Psychomotor symptoms are regulated by dopamine rich striatal brain regions important for motor control (Meyer et al., 2006) and have been shown to predict response to antidepressant medications (Caligiuri et al., 2003; Herrera-Guzmán et al., 2008). This is supported by reports of patients with greater psychomotor retardation demonstrating higher D2 binding (Ebert et al., 1996; Meyer et al., 2006), as well as correlations between D2 binding and symptom severity (Larisch et al., 1997; Lehto et al., 2008).

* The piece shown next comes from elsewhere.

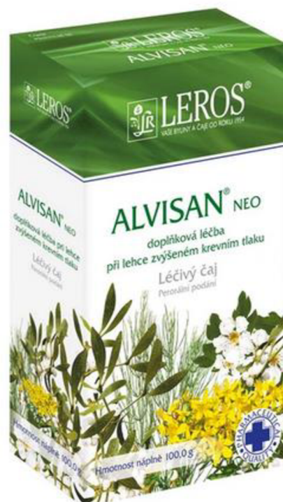
Obr. 18: Leros Alvisan Neo 100 g (Dr. Max online, 11. 2. 2024)
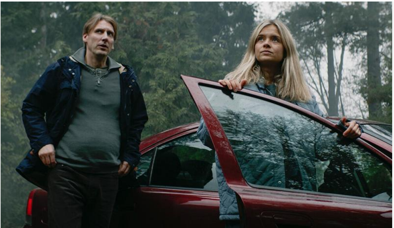
Кадр из фильма «Не стучи»

Общая касса топ-20 фильмов уикенда составила, по информации «Бюллетеня кинопрокатчика», 470 миллионов рублей (с учётом стран СНГ – 518 миллионов). Это на 2,2 % меньше по сравнению с предыдущими выходными , но на 40,3 % выше показателей аналогичного уикенда прошлого года.

Therefore, subsequent non-responders to SCG DBS may exhibit greater deficits than responders in dopaminergic symptoms such as anhedonia and psychomotor retardation. The SCG has direct connections to areas that are involved in the dopaminergic networks implicated in psychomotor processing such as the ventral striatum, nucleus accumbens, the amygdala and the prefrontal cortex (Johansen-Berg et al., 2008). Our finding that reduction in the severity of psychomotor retardation predicts response to DBS suggests that SCG DBS may have a positive effect on dopamine function. An alternate explanation of these findings is that DBS to SCG may also impact activity of the supplementary motor area, which plays a role in psychomotor retardation. Modulation of this region may represent another pathway to mediating changes in willed action that are demonstrated through neurocognitive tests such as the Finger Tap Test.
Further support for the role of psychomotor retardation in depression comes from a Single Photon Emission Computerized Tomography (SPECT) study, in which dopamine D2 binding in MDD patients was positively correlated with motor speed and negatively correlated with verbal fluency, independent of mood rating (Shah et al., 1997). Changes in the plasma levels of dopamine precursors correlated with HRSD-17 scores, cognitive disturbance and retardation factors (Martinot et al., 2001). Three functional imaging studies clearly demonstrated a striatal dopaminergic disturbance during depression, which was most prominent when patients displayed motor retardation (Shah et al., 1997; Martinot et al., 2001; Meyer et al., 2006), corroborating findings of therapeutic effects of dopaminergic drugs in depression associated with psychomotor symptoms (Mann and Kapur, 1995).
Despite the generally positive findings regarding cognitive outcomes, certain limitations of the study must be acknowledged. This was an open label study with a small sample size which thereby limits the predictive analysis. While the current findings are promising, replication in a larger sample is necessary in order to establish a reliable neurocognitive predictor of response to DBS. In addition, the use of multiple two-sample t-test due to the small sample size should be acknowledged as a limitation. Practice effects must also be taken into account and may have contributed to some extent to the improvements noted at the 12 month follow-up. While attempts to minimize practice effects were in place, including selecting memory and verbal fluency tasks with alternate versions, as well as other tasks known to be less sensitive to practice after long test-retest intervals (e.g., Finger Tap, Stroop Test), non-specific and test specific practice effects could explain the improvement from baseline to follow up on some tasks. However, these potential practice effects do not account for the predictive nature of the finger tap test result that discriminates responders from non-responders. While there was no correlation between dose change and neuropsychological performance, the exact role played by medication change is uncertain. The modeling methods used in this paper are a preliminary proof of concept that would usually be used for studies with a larger sample size.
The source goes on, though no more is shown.